You want the worker pool busy across many accounts, while each account stays
serial. Without that guard, two workers eventually pick up work for the same
account in parallel. The external system may throttle the account, reject the
second call, or leave you with a partial update to reconcile.
The usual fixes are external locks, one queue per account, or retry/backoff
logic around every call. They can work, but they add another coordination
layer to the job system.
Pynenc's orchestrator already tracks running invocations and their arguments.
With running_concurrency=KEYS and key_arguments=("account_id",), it can
enforce one in-flight invocation per account key while still running different
accounts in parallel. reroute_on_concurrency_control decides whether blocked
work waits or is dropped, and registration_concurrency=KEYS can collapse
duplicate work before a worker sees it.
Full sample: samples/concurrency_demo.
The demo
Four tiny files, each doing one thing:
concurrency_demo/
├── api_server.py # tiny HTTP app: pretends to be the external provider
├── tasks.py # PynencBuilder app + 4 tasks (the whole story)
├── enqueue.py # CLI: enqueue one scenario, print results
└── sample.py # one-command demo: boots api+worker, runs all scenarios
The "external provider" is a small HTTP app that holds an account in flight
for 0.4 seconds per call and records a collision whenever a second request
arrives while the first is still in flight.
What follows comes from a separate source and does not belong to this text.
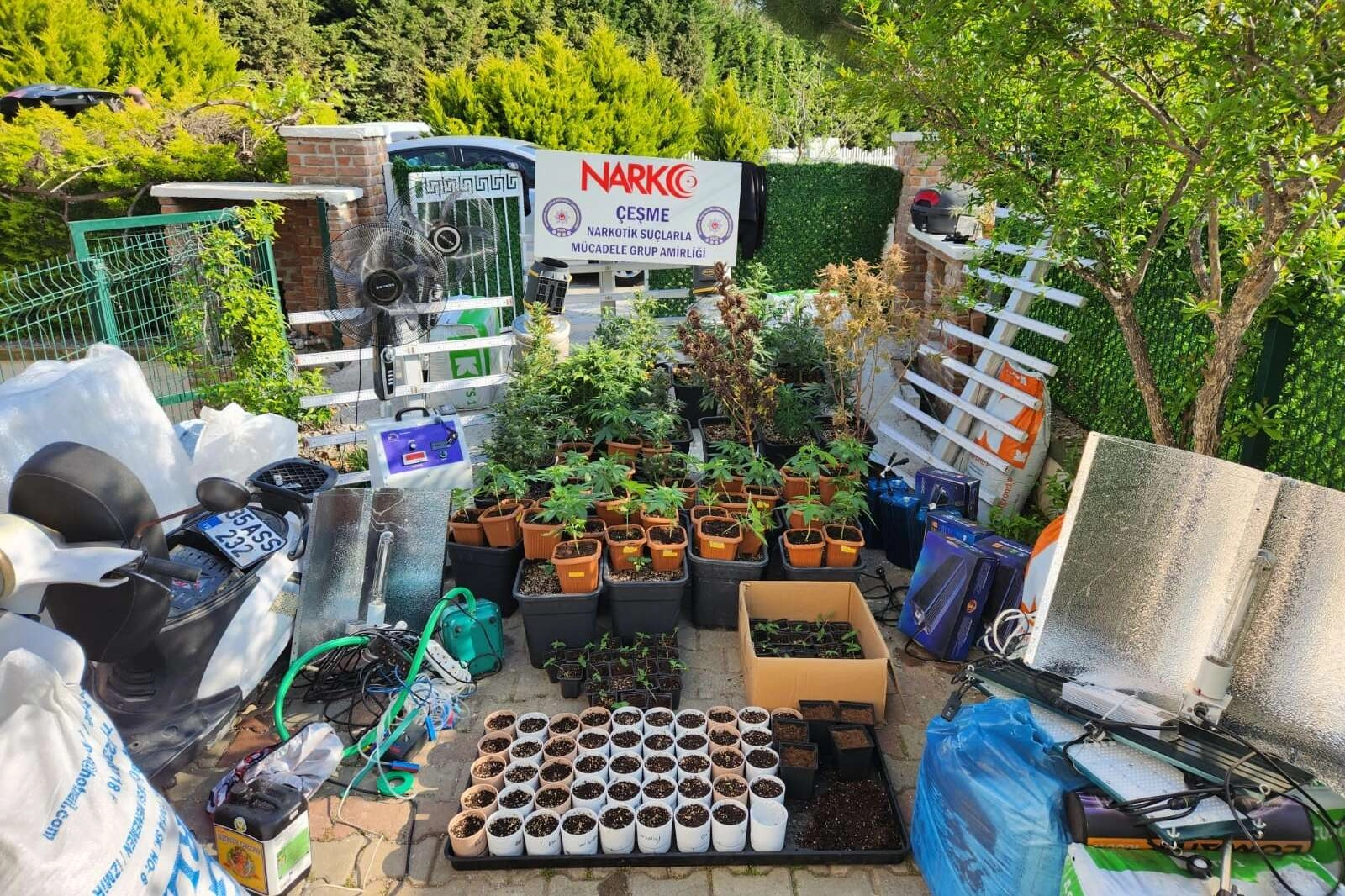 İzmir İl Emniyet Müdürlüğü Narkotik Suçlarla Mücadele Şube Müdürlüğü ve Çeşme İlçe Emniyet Müdürlüğü ekipleri, ilçede uyuşturucu madde ticareti yaptığı belirlenen şüphelilere yönelik çalışma yürüttü.

In a real integration, that
collision could be a 429, a rejected write, or an inconsistent refresh:
# api_server.py — the part that matters
@app.post("/call/{account_id}/{op}")
async def call(account_id: str, op: str, hold: float = HOLD_SECONDS) -> dict[str, str]:
async with lock:
acc = accounts[account_id]
acc.calls += 1
collided = acc.in_flight > 0
acc.collisions += int(collided)
acc.in_flight += 1
print(f" [{'COLLISION' if collided else 'ok '}] {account_id:<8} {op}", flush=True)
await asyncio.sleep(hold)
async with lock:
accounts[account_id].in_flight -= 1
return {"outcome": "collision" if collided else "ok"}
The pynenc app and the four tasks fit on one screen. The whole pynenc
configuration — SQLite backend, in-process thread runner, logging — sits
fluently in tasks.py next to the tasks that use it:
# tasks.py
import os
import httpx
from pynenc import PynencBuilder
from pynenc.conf.config_task import ConcurrencyControlType as Mode
API_URL = "http://127.0.0.1:8765"
app = (
PynencBuilder()
.app_id("concurrency_demo")
.sqlite("concurrency_demo.db")
.thread_runner(min_threads=1, max_threads=8)
.logging_stream("stdout")
.logging_level(os.environ.get("DEMO_LOG_LEVEL", "info"))
.max_pending_seconds(3.0)
.build()
)
def _hit(account_id: str, op: str, hold: float | None = None) -> str:
params = {"hold": hold} if hold is not None else None
r = httpx.post(f"{API_URL}/call/{account_id}/{op}", params=params, timeout=10.0)
r.raise_for_status()
return r.json()["outcome"]
@app.task
def call_unsafe(account_id: str, op: str) -> str:
return _hit(account_id, op)
@app.task(
running_concurrency=Mode.KEYS,
key_arguments=("account_id",),
reroute_on_concurrency_control=True,
)
def call_keyed(account_id: str, op: str) -> str:
return _hit(account_id, op)
@app.task(
running_concurrency=Mode.KEYS,
key_arguments=("account_id",),
reroute_on_concurrency_control=False,
)
def call_keyed_drop(account_id: str, op: str) -> str:
return _hit(account_id, op)
@app.task(
running_concurrency=Mode.KEYS,
registration_concurrency=Mode.KEYS,
key_arguments=("account_id",),
reroute_on_concurrency_control=True,
)
def refresh_once(account_id: str) -> str:
return _hit(account_id, "refresh")
How to run it
You can launch the demo two ways. The four-terminal flow is useful when you
want to watch the API, the worker, and the pynenc monitor at the same time.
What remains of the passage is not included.